Each record below must be retyped exactly, with nothing left out.

-- Collected data entries --
··········

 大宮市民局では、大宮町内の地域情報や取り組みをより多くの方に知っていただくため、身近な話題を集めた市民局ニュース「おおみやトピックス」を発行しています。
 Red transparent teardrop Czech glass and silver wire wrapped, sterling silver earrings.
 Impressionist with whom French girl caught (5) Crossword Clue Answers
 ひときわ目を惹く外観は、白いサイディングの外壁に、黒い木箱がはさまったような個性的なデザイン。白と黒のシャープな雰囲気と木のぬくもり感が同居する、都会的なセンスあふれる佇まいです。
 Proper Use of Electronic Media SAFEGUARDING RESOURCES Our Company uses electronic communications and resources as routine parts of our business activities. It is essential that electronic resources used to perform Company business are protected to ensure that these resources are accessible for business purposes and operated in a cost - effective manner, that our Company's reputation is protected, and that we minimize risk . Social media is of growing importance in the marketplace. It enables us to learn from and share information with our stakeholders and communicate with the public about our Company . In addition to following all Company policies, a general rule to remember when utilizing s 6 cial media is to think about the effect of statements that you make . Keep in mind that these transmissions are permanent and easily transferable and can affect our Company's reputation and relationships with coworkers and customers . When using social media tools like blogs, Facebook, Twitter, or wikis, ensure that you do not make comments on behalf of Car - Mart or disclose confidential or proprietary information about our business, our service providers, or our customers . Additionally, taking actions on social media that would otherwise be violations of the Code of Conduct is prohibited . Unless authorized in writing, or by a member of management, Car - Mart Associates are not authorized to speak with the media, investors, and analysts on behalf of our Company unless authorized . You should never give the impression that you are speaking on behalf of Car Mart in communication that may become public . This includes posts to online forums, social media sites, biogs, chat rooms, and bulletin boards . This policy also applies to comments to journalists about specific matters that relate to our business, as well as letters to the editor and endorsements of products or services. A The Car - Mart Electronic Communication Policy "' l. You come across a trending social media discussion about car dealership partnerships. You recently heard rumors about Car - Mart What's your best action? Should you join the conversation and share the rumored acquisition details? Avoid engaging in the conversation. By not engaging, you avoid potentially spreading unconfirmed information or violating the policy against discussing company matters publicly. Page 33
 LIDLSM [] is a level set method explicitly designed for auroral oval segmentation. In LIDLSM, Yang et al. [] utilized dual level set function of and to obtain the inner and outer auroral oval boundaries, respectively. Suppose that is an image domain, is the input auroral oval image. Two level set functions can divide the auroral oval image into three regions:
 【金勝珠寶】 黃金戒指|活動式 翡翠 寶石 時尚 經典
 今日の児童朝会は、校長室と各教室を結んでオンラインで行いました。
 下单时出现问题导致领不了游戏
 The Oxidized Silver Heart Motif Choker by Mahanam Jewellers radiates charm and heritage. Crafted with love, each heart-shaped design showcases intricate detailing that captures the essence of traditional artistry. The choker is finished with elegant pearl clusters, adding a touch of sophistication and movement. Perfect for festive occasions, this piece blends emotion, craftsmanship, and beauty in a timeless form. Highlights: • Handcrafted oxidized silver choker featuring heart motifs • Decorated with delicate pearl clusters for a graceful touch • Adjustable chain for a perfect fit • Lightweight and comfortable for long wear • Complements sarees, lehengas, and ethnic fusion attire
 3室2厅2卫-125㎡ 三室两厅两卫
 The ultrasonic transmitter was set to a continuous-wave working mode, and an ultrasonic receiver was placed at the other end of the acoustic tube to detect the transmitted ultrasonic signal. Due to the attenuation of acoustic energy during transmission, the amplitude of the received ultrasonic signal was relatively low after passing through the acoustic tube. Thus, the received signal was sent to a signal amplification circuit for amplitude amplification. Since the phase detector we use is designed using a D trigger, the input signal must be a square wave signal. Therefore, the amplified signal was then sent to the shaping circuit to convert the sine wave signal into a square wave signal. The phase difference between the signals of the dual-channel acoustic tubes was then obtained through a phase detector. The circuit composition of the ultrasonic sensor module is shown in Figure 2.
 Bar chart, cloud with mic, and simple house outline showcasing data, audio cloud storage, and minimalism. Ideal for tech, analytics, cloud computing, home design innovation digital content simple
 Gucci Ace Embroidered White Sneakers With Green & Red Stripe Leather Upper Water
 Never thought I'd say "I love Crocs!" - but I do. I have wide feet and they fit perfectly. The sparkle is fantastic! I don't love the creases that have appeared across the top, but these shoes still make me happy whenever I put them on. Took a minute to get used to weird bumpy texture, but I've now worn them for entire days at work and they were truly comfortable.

··········

-- Solution below --
 大宮市民局では、大宮町内の地域情報や取り組みをより多くの方に知っていただくため、身近な話題を集めた市民局ニュース「おおみやトピックス」を発行しています。
 Red transparent teardrop Czech glass and silver wire wrapped, sterling silver earrings.
 Impressionist with whom French girl caught (5) Crossword Clue Answers
 ひときわ目を惹く外観は、白いサイディングの外壁に、黒い木箱がはさまったような個性的なデザイン。白と黒のシャープな雰囲気と木のぬくもり感が同居する、都会的なセンスあふれる佇まいです。
 Proper Use of Electronic Media SAFEGUARDING RESOURCES Our Company uses electronic communications and resources as routine parts of our business activities. It is essential that electronic resources used to perform Company business are protected to ensure that these resources are accessible for business purposes and operated in a cost - effective manner, that our Company's reputation is protected, and that we minimize risk . Social media is of growing importance in the marketplace. It enables us to learn from and share information with our stakeholders and communicate with the public about our Company . In addition to following all Company policies, a general rule to remember when utilizing s 6 cial media is to think about the effect of statements that you make . Keep in mind that these transmissions are permanent and easily transferable and can affect our Company's reputation and relationships with coworkers and customers . When using social media tools like blogs, Facebook, Twitter, or wikis, ensure that you do not make comments on behalf of Car - Mart or disclose confidential or proprietary information about our business, our service providers, or our customers . Additionally, taking actions on social media that would otherwise be violations of the Code of Conduct is prohibited . Unless authorized in writing, or by a member of management, Car - Mart Associates are not authorized to speak with the media, investors, and analysts on behalf of our Company unless authorized . You should never give the impression that you are speaking on behalf of Car Mart in communication that may become public . This includes posts to online forums, social media sites, biogs, chat rooms, and bulletin boards . This policy also applies to comments to journalists about specific matters that relate to our business, as well as letters to the editor and endorsements of products or services. A The Car - Mart Electronic Communication Policy "' l. You come across a trending social media discussion about car dealership partnerships. You recently heard rumors about Car - Mart What's your best action? Should you join the conversation and share the rumored acquisition details? Avoid engaging in the conversation. By not engaging, you avoid potentially spreading unconfirmed information or violating the policy against discussing company matters publicly. Page 33
 LIDLSM [] is a level set method explicitly designed for auroral oval segmentation. In LIDLSM, Yang et al. [] utilized dual level set function of and to obtain the inner and outer auroral oval boundaries, respectively. Suppose that is an image domain, is the input auroral oval image. Two level set functions can divide the auroral oval image into three regions:
 【金勝珠寶】 黃金戒指|活動式 翡翠 寶石 時尚 經典
 今日の児童朝会は、校長室と各教室を結んでオンラインで行いました。
 下单时出现问题导致领不了游戏
 The Oxidized Silver Heart Motif Choker by Mahanam Jewellers radiates charm and heritage. Crafted with love, each heart-shaped design showcases intricate detailing that captures the essence of traditional artistry. The choker is finished with elegant pearl clusters, adding a touch of sophistication and movement. Perfect for festive occasions, this piece blends emotion, craftsmanship, and beauty in a timeless form. Highlights: • Handcrafted oxidized silver choker featuring heart motifs • Decorated with delicate pearl clusters for a graceful touch • Adjustable chain for a perfect fit • Lightweight and comfortable for long wear • Complements sarees, lehengas, and ethnic fusion attire
 3室2厅2卫-125㎡ 三室两厅两卫
 The ultrasonic transmitter was set to a continuous-wave working mode, and an ultrasonic receiver was placed at the other end of the acoustic tube to detect the transmitted ultrasonic signal. Due to the attenuation of acoustic energy during transmission, the amplitude of the received ultrasonic signal was relatively low after passing through the acoustic tube. Thus, the received signal was sent to a signal amplification circuit for amplitude amplification. Since the phase detector we use is designed using a D trigger, the input signal must be a square wave signal. Therefore, the amplified signal was then sent to the shaping circuit to convert the sine wave signal into a square wave signal. The phase difference between the signals of the dual-channel acoustic tubes was then obtained through a phase detector. The circuit composition of the ultrasonic sensor module is shown in Figure 2.
 Bar chart, cloud with mic, and simple house outline showcasing data, audio cloud storage, and minimalism. Ideal for tech, analytics, cloud computing, home design innovation digital content simple
 Gucci Ace Embroidered White Sneakers With Green & Red Stripe Leather Upper Water
 Never thought I'd say "I love Crocs!" - but I do. I have wide feet and they fit perfectly. The sparkle is fantastic! I don't love the creases that have appeared across the top, but these shoes still make me happy whenever I put them on. Took a minute to get used to weird bumpy texture, but I've now worn them for entire days at work and they were truly comfortable.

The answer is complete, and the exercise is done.